И в то же мгновение Борька почувствовал легкий озноб — это инфразвуковые генераторы скачком вышли на пиковую мощность.
Первые выстрелы послышались минут через пятнадцать… сразу после того, как приказ на выдвижение поступил и им тоже. Все это время Борька терзался сомнениями, сможет ли он воткнуть матовый трехгранный штык в живое человеческое тело. Хотя сегодняшний бой был для него уже третьим, до сего момента он мог записать на свой счет всего одного убитого, да и того с большой натяжкой, поскольку они с Баблом выстрелили одновременно. И, насколько Борька помнил, перед этим его тоже грызла мысль: каково это — убить человека? И каким он сам станет, совершив убийство, останется ли прежним? Короче, полностью отдал дань извечной рефлексии русского интеллигента (а кем еще прикажете себя считать после двух лет обучения на филологическом факультете МГУ?). Оказалось — ничего особенного. Вскинул ствол и резанул очередью, отчаянно моля всех богов и чертей, чтобы попасть первым, и дюжий китаец, комплекцией походивший на русского деревенского кузнеца, вскинул тяжелые, крупные кисти и запрокинулся на спину. Борька даже не успел рассмотреть его лицо, а привычным движением бросил взгляд на прорезь магазина, проконтролировав число оставшихся патронов, и, хрипло дыша, рванул дальше в том направлении, откуда доносился дробный перестук очередей.

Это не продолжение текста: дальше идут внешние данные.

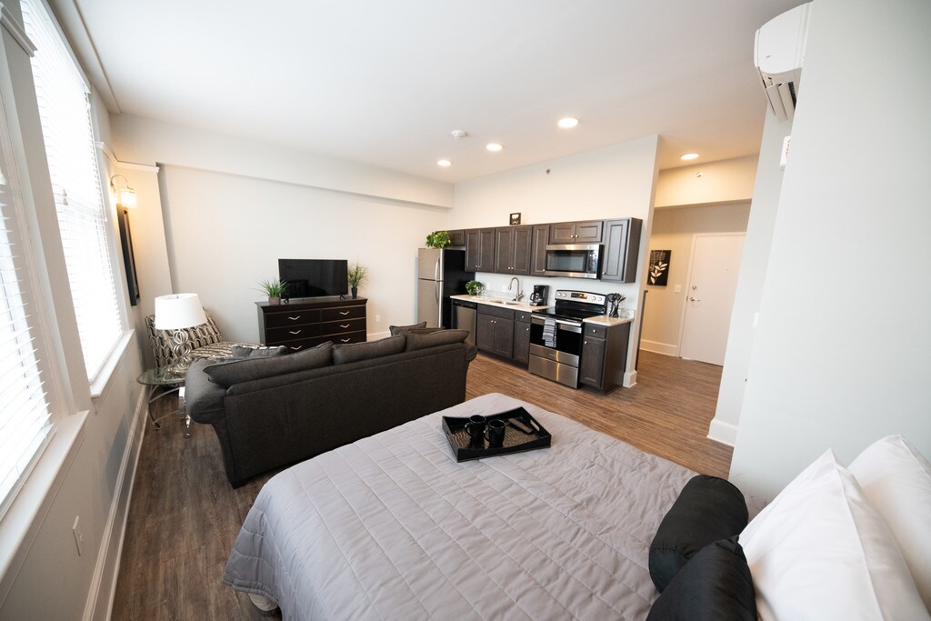 March 11, 2021If you want to live somewhere unique and full of history this building is for you. Great location, Sidewall Pizza and Pharmacy Coffee is downstairs. Plus ladies you can get your hair done downstairs before going out on the town. Don't worry gentleman there is a place for you to get your hair done while enjoying an adult beverage if you like before you go out on the town too.Review from Apartments.com

Потом, вечером, он попытался, правда, поразмышлять еще, но первый труп как-то совершенно не ложился на душу тяжким грузом — война есть война, в конце концов, это не они отчаянно штурмовали укрепрайоны на китайском берегу Амура, а совсем наоборот… Но сейчас убийство должно было стать более… выпуклым что ли, прямым, близким, и Борька побаивался, что может дрогнуть.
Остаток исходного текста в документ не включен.